Pipeline Triage Report 2020-09-07 to 2020-09-11
DRI
Please review the responsiblities and guidelines if you have not done so recently.
Above all else, please remember that the aim of pipeline triage is to identify problems and try to get them resolved (ideally) before they impact users.
You can view the Testcases project list of issues for non-quarantined test results to help identify failures and see if any were missed when reviewing pipelines.
EMEA | AMER | APAC | |
---|---|---|---|
Primary | @willmeek | @ebanks | - |
Secondary | - | @niskhakova | @sliaquat |
Issues carried over from last week
-
clone_push_pull_project_snippet_spec
gitlab-org/gitlab#239091 (closed) -
group_audit_logs_1_spec
gitlab-org/gitlab#243680 (comment 405012958) -
locked_artifacts_spec
gitlab-org/gitlab#240911 (closed) - ee:kubernetes https://gitlab.com/gitlab-com/gl-security/security-operations/sirt/operations/-/issues/1060
-
pipeline_status_on_operation_dashboard_spec
gitlab-org/gitlab#233300 (closed)
Summary
There were a lot of issues related to register_spec
gitlab-org/gitlab#247743 (closed) which has been fixed
Highlights
☑
Staging A number of transient individual failures, though last full run (3.40pm UTC https://ops.gitlab.net/gitlab-org/quality/staging/-/pipelines/260538 ) was green
Two HTTP 500 in different jobs needed
❌
Staging Orchestrated When register_spec
fix makes it to here it should go green, other than transient failures
✅
Pre-Production
✅
Production
❌
Nightly Last nights nightly had a lot of snippet errors as per gitlab-org/gitlab#245081 (closed), the ticket was updated to alert those working on it
☑
Master When register_spec
fix merge gets ran it should hopefully go green, other than transient failures
Remaining Issues
Snippets issues especially in Nightly - gitlab-org/gitlab#245081 (closed)

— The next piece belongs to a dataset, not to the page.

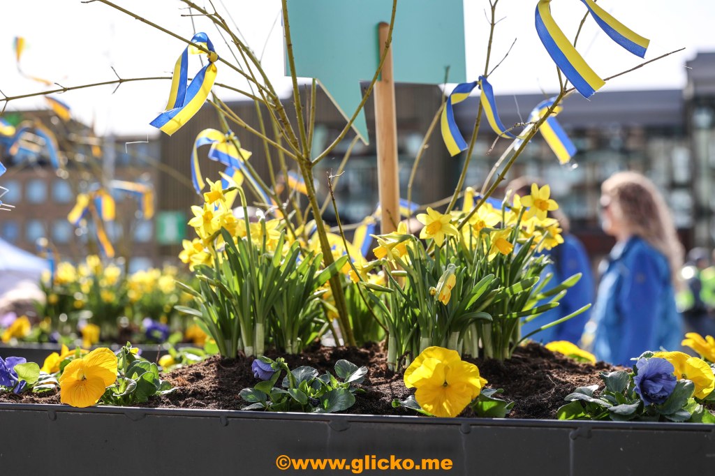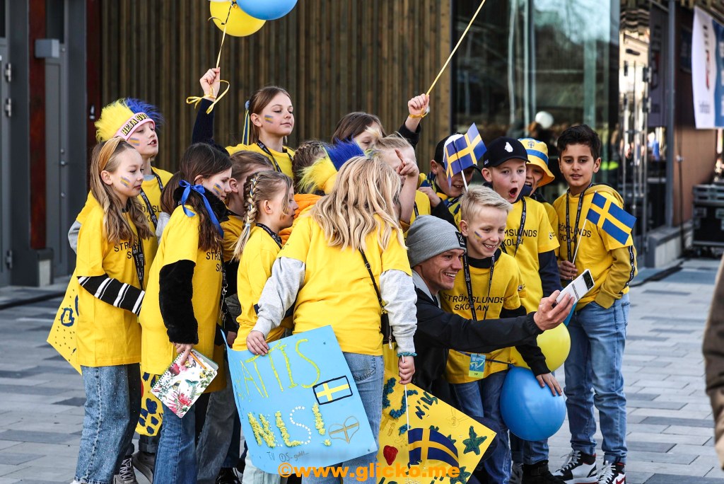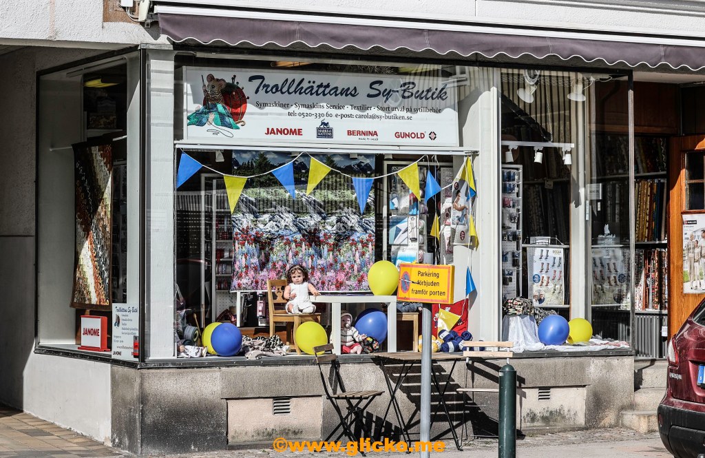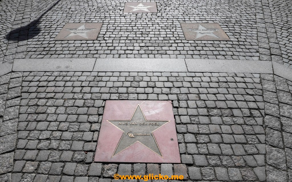 Många av affären i Trollhättans centrum skyltade med de svenska färgerna i fönstren. Jag gick vidare till Park of Fame där Nils fick en stjärna i september 2021.

Geo Staging has issue on rename_replication_spec
- gitlab-org/gitlab#247128 (closed) Jennie is aware
Keep an eye on Staging for HTTP 500s, had to retry a couple of failed jobs.
Also keep an eye on reporting failures, Mark has put a lot of good work into hardening the retries but on Thursday there were occasional HTTP 500s and timeouts.